TASK TO COMPLETE: Among the lines of the records, find all that carry the word "Ultra" and copy them.

-- Opening Marker --

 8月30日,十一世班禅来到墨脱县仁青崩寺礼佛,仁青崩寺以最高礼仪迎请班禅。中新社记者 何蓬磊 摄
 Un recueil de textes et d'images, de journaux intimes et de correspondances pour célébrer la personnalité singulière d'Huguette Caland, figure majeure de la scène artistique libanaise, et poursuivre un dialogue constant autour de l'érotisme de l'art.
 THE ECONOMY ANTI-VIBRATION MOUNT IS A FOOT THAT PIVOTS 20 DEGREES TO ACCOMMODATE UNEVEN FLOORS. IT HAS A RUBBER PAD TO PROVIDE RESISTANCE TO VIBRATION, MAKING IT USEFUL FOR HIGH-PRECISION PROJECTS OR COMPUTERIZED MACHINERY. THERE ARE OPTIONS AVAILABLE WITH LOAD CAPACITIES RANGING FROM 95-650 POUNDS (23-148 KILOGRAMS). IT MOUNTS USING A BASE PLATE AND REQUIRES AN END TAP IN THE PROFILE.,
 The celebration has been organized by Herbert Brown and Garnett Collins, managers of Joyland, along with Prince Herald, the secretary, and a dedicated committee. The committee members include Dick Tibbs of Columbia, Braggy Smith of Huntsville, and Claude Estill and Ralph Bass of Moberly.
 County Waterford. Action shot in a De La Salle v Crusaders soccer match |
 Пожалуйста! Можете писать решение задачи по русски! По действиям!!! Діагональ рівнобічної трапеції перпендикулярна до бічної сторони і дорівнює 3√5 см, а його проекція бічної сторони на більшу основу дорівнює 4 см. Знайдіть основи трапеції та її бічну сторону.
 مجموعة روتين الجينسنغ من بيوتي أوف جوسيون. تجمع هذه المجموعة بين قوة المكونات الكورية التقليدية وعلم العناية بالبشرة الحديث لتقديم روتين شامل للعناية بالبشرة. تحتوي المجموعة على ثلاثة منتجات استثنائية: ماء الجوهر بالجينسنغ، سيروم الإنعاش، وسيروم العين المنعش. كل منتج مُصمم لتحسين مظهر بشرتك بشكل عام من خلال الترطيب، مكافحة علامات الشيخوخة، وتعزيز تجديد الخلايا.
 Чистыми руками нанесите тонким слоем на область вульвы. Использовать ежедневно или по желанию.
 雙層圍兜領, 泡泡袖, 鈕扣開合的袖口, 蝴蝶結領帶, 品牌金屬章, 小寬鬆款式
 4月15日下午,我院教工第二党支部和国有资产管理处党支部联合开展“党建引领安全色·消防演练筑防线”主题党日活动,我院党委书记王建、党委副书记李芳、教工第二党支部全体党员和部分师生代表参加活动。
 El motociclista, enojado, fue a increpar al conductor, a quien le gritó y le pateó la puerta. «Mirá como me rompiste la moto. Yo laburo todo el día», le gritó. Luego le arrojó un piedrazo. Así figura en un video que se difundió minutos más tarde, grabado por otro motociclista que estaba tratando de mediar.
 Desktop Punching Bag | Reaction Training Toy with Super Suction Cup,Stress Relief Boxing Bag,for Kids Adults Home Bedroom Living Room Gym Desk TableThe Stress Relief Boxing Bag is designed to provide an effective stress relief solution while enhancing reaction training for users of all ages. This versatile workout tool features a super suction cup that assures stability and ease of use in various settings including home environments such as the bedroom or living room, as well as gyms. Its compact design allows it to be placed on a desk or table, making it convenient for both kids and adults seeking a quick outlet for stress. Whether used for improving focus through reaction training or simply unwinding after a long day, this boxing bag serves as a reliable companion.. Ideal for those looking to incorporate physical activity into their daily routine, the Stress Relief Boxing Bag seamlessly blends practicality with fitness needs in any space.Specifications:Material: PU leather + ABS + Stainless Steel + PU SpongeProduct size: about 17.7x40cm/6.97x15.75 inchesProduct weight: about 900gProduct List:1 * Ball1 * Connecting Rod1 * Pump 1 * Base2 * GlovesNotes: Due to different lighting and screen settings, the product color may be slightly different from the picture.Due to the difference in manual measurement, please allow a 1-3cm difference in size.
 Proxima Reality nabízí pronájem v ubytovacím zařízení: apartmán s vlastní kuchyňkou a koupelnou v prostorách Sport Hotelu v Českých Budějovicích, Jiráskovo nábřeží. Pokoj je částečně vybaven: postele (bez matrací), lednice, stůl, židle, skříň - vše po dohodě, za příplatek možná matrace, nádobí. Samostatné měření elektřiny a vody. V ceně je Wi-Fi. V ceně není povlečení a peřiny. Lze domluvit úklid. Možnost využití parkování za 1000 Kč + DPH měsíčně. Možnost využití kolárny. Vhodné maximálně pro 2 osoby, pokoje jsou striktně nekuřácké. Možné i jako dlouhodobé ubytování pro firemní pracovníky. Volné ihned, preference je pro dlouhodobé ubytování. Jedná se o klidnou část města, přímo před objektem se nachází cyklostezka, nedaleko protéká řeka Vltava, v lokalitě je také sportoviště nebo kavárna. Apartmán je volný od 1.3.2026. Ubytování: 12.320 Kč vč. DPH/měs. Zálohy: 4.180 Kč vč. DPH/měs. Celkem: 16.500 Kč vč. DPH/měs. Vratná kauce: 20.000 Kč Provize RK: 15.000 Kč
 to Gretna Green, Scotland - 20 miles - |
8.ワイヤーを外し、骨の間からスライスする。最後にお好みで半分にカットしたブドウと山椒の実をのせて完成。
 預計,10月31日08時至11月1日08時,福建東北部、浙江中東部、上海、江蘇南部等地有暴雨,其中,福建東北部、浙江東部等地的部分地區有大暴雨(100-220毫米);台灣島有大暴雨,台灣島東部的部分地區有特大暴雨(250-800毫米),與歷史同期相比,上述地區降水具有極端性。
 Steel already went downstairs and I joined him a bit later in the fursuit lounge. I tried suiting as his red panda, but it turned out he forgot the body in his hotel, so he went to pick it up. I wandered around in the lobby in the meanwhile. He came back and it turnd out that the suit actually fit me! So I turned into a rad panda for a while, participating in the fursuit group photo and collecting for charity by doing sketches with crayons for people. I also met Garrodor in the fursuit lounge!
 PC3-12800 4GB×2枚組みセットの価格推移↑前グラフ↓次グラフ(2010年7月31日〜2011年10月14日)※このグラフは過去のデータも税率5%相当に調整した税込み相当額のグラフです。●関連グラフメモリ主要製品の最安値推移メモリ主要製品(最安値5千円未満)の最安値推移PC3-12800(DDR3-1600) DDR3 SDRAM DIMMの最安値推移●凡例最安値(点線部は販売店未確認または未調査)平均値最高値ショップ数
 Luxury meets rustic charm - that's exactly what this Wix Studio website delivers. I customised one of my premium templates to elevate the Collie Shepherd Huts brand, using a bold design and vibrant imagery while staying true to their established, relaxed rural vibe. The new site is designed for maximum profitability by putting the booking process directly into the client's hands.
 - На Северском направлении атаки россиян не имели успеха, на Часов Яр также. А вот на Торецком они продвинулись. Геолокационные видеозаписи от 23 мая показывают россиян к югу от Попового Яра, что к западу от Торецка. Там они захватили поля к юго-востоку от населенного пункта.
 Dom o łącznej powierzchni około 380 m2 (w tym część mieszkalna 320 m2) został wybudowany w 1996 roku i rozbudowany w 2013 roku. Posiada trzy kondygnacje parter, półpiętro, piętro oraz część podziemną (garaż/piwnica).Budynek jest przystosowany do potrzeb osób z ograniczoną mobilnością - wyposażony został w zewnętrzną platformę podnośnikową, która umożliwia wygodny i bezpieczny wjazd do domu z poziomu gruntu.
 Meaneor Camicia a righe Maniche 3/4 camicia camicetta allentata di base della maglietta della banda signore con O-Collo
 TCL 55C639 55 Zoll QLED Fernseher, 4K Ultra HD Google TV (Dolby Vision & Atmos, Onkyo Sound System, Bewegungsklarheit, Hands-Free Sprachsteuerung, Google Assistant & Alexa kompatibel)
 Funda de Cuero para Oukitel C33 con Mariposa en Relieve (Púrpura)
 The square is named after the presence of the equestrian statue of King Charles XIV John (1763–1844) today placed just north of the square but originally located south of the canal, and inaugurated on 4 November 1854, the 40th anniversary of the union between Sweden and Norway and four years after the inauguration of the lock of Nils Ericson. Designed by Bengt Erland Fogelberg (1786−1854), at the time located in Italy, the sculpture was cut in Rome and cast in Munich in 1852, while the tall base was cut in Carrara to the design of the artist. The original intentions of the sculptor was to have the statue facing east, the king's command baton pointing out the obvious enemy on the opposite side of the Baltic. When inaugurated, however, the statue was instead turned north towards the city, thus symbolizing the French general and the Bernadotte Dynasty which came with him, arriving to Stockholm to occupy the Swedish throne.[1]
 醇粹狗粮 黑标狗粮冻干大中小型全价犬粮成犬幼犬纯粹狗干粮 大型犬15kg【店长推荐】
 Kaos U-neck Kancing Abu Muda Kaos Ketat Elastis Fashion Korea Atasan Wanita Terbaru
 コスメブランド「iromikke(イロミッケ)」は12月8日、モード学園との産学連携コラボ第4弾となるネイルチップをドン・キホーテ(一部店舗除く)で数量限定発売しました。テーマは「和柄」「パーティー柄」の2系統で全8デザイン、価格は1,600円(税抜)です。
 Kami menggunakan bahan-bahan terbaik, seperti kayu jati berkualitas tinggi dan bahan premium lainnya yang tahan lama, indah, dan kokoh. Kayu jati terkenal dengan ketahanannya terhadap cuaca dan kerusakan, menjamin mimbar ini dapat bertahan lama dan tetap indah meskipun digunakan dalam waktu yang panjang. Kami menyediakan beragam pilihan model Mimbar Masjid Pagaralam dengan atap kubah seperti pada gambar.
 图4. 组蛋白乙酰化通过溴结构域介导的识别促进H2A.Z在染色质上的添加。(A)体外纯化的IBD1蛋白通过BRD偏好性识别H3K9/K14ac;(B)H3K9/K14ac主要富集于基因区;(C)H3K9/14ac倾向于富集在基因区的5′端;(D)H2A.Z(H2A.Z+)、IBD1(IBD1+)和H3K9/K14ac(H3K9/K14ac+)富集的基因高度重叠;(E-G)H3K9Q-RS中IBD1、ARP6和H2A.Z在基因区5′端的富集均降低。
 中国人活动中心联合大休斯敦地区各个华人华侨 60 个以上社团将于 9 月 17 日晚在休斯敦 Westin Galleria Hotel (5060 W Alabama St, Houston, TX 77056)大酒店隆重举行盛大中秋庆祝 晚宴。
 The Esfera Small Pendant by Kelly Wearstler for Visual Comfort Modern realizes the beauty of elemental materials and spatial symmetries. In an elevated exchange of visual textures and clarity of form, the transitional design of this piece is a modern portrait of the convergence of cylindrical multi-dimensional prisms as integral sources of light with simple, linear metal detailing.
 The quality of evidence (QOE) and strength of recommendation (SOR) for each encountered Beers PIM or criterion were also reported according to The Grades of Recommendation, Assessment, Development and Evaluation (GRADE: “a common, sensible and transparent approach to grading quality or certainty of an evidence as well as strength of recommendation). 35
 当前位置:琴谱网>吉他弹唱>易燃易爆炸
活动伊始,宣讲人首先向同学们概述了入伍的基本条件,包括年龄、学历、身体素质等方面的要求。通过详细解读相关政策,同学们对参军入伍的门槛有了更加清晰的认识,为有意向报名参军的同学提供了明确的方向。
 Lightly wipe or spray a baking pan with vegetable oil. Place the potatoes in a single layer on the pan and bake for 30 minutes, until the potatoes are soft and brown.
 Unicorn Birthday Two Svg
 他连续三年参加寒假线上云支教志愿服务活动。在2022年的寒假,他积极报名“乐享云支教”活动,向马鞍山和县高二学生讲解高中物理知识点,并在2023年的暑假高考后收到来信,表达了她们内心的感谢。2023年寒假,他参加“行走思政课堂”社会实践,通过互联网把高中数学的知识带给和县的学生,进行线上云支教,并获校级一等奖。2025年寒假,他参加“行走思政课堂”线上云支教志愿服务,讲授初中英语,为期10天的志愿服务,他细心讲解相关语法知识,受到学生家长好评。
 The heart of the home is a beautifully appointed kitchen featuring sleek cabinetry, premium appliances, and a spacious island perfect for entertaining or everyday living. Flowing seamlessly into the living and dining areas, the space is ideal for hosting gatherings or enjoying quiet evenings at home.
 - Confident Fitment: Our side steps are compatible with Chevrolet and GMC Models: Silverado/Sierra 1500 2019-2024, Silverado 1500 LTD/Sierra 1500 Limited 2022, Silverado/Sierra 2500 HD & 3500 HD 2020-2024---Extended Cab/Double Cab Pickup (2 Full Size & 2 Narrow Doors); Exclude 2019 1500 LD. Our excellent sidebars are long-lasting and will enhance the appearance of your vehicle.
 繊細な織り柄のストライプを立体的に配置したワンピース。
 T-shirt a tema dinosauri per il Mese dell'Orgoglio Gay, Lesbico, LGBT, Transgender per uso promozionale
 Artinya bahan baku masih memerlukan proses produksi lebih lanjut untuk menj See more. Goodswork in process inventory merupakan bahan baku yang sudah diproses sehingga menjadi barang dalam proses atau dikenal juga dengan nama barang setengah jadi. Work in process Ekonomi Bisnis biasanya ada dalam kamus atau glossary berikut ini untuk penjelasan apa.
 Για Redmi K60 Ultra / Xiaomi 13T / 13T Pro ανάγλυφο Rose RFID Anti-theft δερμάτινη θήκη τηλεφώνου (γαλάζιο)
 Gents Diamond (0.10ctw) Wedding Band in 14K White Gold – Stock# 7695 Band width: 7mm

-- Closing Marker --

RESPONSE:
 TCL 55C639 55 Zoll QLED Fernseher, 4K Ultra HD Google TV (Dolby Vision & Atmos, Onkyo Sound System, Bewegungsklarheit, Hands-Free Sprachsteuerung, Google Assistant & Alexa kompatibel)
 Για Redmi K60 Ultra / Xiaomi 13T / 13T Pro ανάγλυφο Rose RFID Anti-theft δερμάτινη θήκη τηλεφώνου (γαλάζιο)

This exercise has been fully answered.